= Beginning of Section =
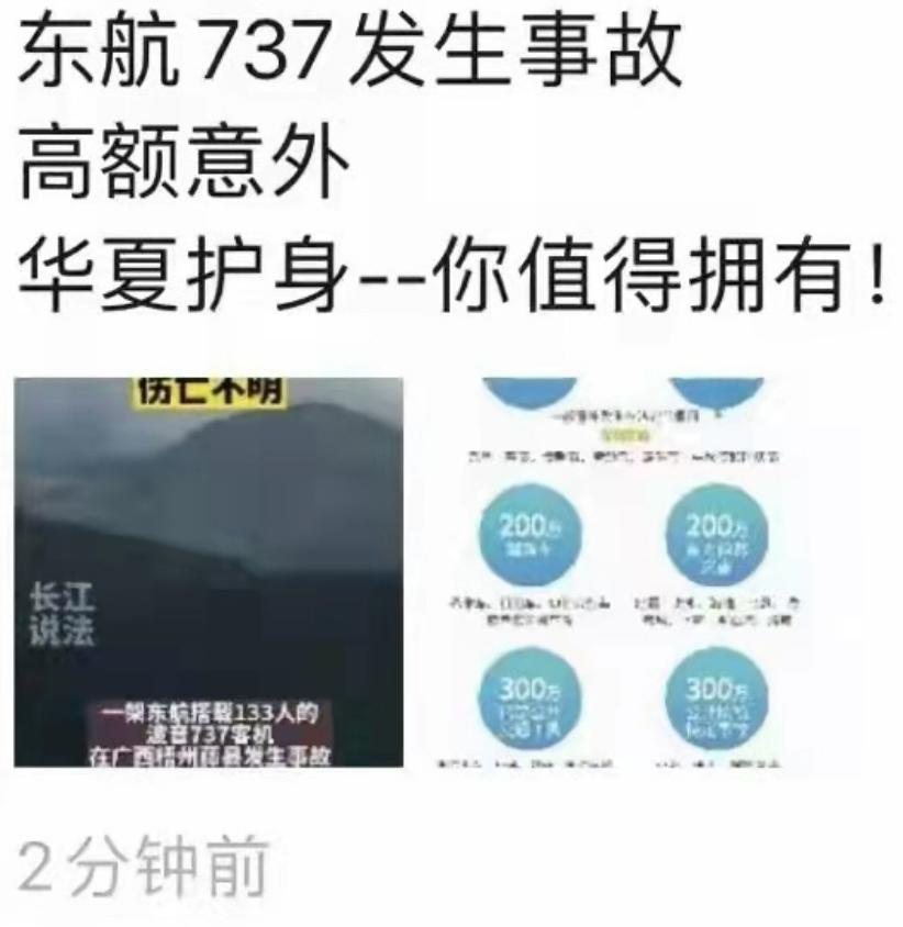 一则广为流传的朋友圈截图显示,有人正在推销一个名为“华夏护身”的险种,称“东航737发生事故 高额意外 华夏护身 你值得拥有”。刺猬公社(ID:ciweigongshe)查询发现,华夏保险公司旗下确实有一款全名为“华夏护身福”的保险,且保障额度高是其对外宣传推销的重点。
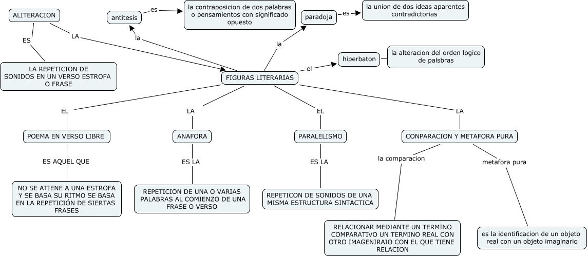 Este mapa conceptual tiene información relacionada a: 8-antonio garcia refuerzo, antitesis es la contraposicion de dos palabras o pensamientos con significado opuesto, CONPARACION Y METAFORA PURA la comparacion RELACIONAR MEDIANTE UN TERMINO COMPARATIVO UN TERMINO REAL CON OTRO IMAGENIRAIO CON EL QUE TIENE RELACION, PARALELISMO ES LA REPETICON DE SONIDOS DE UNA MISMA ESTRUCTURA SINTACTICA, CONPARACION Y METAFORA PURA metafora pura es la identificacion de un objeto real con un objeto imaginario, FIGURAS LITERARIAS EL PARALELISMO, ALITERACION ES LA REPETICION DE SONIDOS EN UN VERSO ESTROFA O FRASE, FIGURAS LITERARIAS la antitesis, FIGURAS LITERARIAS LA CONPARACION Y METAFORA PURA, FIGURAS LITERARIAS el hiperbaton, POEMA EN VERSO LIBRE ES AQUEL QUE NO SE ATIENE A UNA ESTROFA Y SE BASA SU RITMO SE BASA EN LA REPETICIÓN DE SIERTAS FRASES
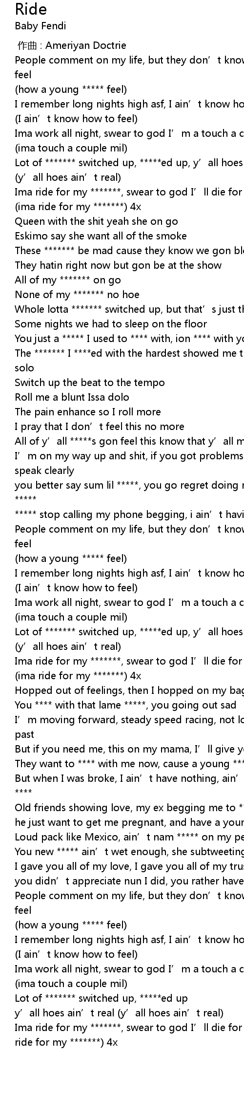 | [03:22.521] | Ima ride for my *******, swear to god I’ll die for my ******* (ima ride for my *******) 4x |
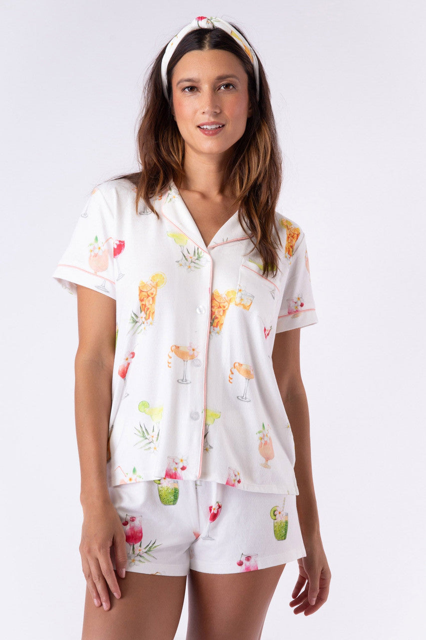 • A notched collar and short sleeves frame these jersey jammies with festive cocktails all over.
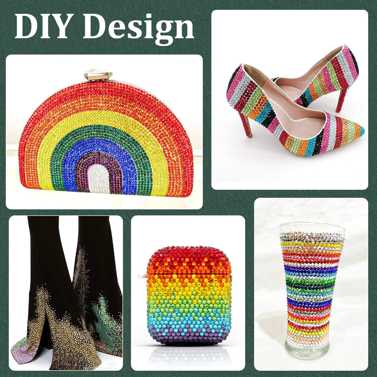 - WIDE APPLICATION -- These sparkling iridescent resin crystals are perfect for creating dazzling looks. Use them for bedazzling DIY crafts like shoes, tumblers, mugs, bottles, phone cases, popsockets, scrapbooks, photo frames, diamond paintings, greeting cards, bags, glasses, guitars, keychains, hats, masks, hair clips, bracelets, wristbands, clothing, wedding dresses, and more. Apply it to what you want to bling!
= End of Section =
= Beginning of Section =
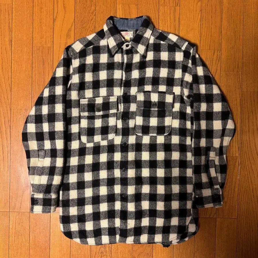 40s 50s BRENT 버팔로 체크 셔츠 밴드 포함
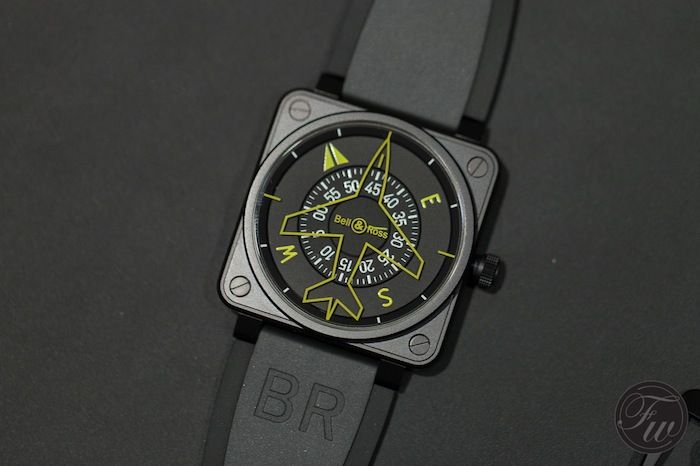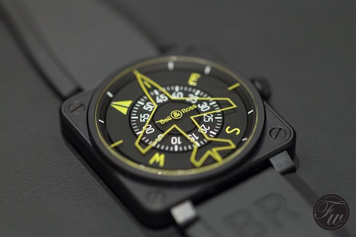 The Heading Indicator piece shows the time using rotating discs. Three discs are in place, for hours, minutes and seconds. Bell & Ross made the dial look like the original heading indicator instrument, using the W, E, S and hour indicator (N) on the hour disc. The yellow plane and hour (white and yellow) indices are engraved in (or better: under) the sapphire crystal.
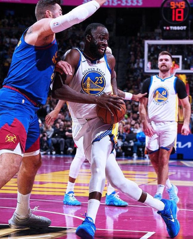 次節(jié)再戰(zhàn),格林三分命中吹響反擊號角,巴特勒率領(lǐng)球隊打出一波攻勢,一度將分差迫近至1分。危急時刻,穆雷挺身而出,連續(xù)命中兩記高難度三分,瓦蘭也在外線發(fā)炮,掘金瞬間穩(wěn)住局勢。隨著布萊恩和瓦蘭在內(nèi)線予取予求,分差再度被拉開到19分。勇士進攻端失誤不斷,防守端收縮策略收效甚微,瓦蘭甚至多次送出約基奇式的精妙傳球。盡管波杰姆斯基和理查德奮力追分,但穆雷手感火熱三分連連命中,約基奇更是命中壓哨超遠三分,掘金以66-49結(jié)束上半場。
= End of Section =
▶ **Exercise**
Pictures do not belong in the answer. Return the lines above starting at the one with "for my *******) 4x |" and ending at the one with "cocktails all over.", both kept, exactly.

▶ **Task response**
 | [03:22.521] | Ima ride for my *******, swear to god I’ll die for my ******* (ima ride for my *******) 4x |
 • A notched collar and short sleeves frame these jersey jammies with festive cocktails all over.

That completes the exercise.